The Court held that “The Forest Service asks us to adopt a view of categorical exclusions that will swallow the protections of NEPA. We decline to do such violence to NEPA’s procedural safeguards.” (Court decision at p. 25). As the Court explained: “when an agency applies CEs in a way that circumvents NEPA’s procedural requirements and renders the environmental impact of a proposed action unknown, the purpose of the exclusions is undermined. That is the case here.” (Court decision at p. 24).

Just think about it.. Judge A says “0 plus 0 equals zero”; I say restoration is by definition positive, so the sum is >0, and the Appeals judges- I think do a bit of over-hyping (is that their usual kind of language?)- “do violence to NEPA’s procedural safeguards,””swallowing the protections”- I’d argue that using the restoration CE might regurgitate a protection or two.

Do they think Mueller was “doing violence” by agreeing with the FS? Or was she just “promoting” violence?

Anyway, back to Farber’s piece:

The dissent doesn’t have a bad argument, but there are some differences between what the agency did and the environmental assessment process that could be significant. The Service did solicit public input, but the regulations governing environmental assessments require fuller opportunities to participate. Instead, “agencies shall involve the public, State, Tribal, and local governments, relevant agencies, and any applicants, to the extent practicable in preparing environmental assessments.” Asking the public whether it agrees with use of a CE isn’t the same as involving them along with governments at all levels in the preparing an assessment.

Yet according to the Courthouse News article,

During the public comment period that followed, numerous environmental groups, nearby towns and government agencies objected to the project.

It sounds like the public involvement process was similar to that of an EA in that respect (without looking at the documents).  Here’s what Dan brought up in his email:

In terms of the harmless error doctrine, the idea is that you violated the proper procedure but that it didn’t affect the outcome — no harm, no foul.  The question I raised is whether we can be sure of that. In response to one of your other questions, we do know (as I said in the post) that there were a lot of comments filed. But were they as detailed as the commenters would have offered in an environmental assessment?  After all, they were really only designed to get the Forest Service to agree to at least consider the environmental consequences rather than doing a categorical exclusion.  If there had done an environmental assessment, would the state or federal fish & wildlife people have been consulted?

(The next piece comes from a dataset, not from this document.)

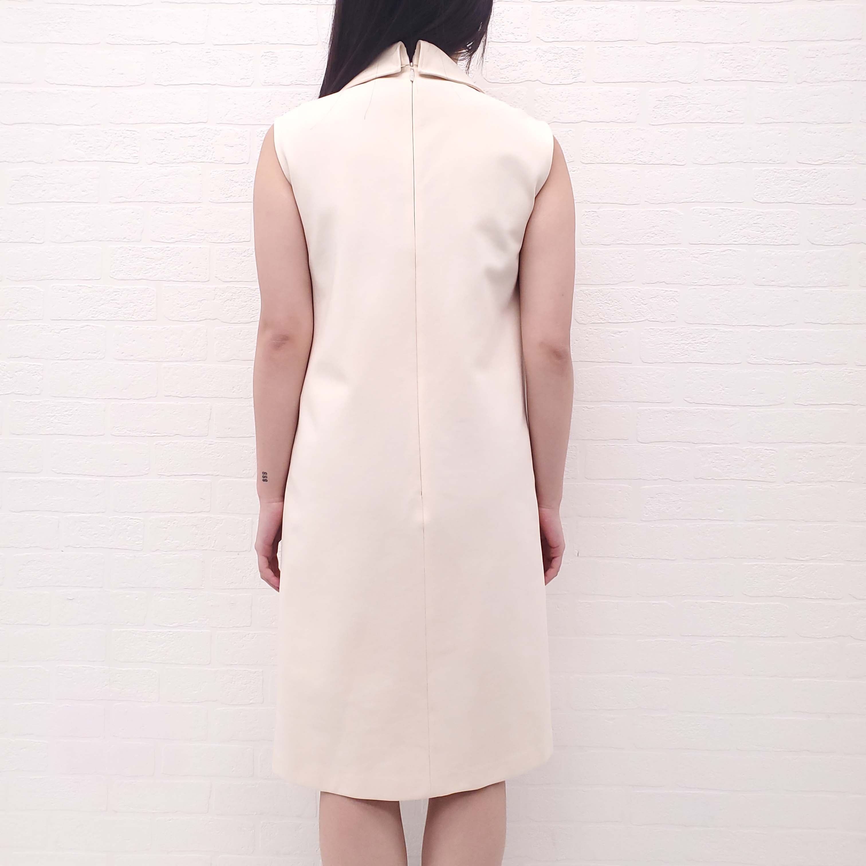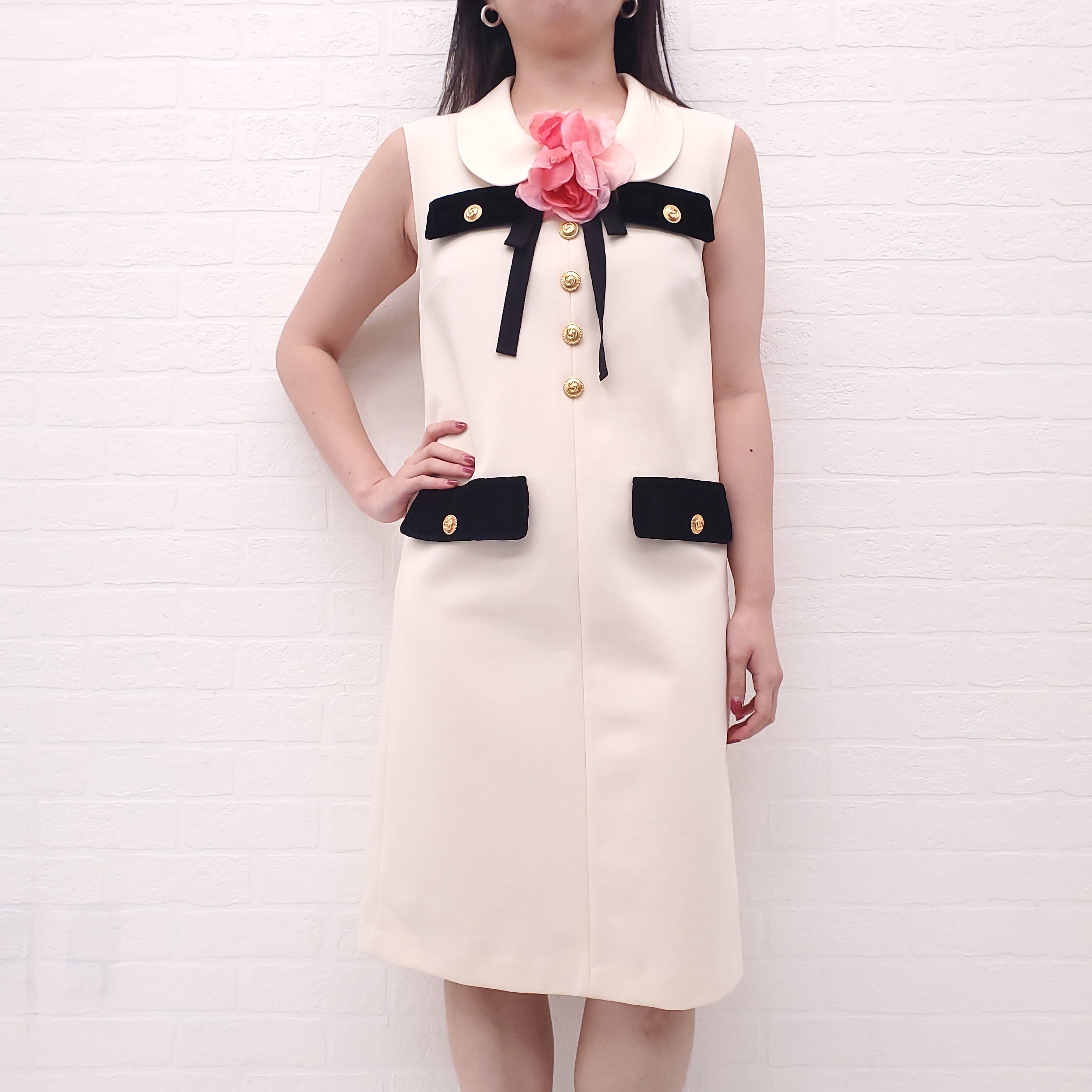 GUCCI CREAM DRESS WITH PINK FLOWER BROOCH AND LOGO BUTTONS - SIZE M

That’s a really interesting take. Every CE public comments I’ve read (that being, when people don’t like the project) have been more general than “does this CE fit”? I’ve appended the summary of the response to comments below.

In fact, the agency did originally say an environmental assessment was needed, but the company complained and the agency quickly reversed itself.  (Is it a coincidence that this was the Trump Administration?) Maybe the agency should have stuck with its original position rather than shortcutting the process in its haste to approve the mining project.

Remember the 9th Circuit judge (appointed by Obama) agreed with the FS that it was a  legitimate approach.  I’m calling “unnecessary invoking of Trump” here.

In addition, an environmental assessment would have required a  Finding of No Significant Impact (FONSI), which would also have had to discuss alternatives to the proposal.  None of the judges cites any discussion of alternatives by the agency.  We don’t know if there were other, less sensitive, locations that might have been used. If there had been an environmental assessment, the agency would have had to discuss that.

This is exploration.. not a final plan.  It could well not be economic to extract there or there might not be any gold.  It makes sense to me to look at alternatives when an actual mine is proposed.  Exploration to me is mostly collecting information that is useful in preparing environmental documents and .. there is a CE for that.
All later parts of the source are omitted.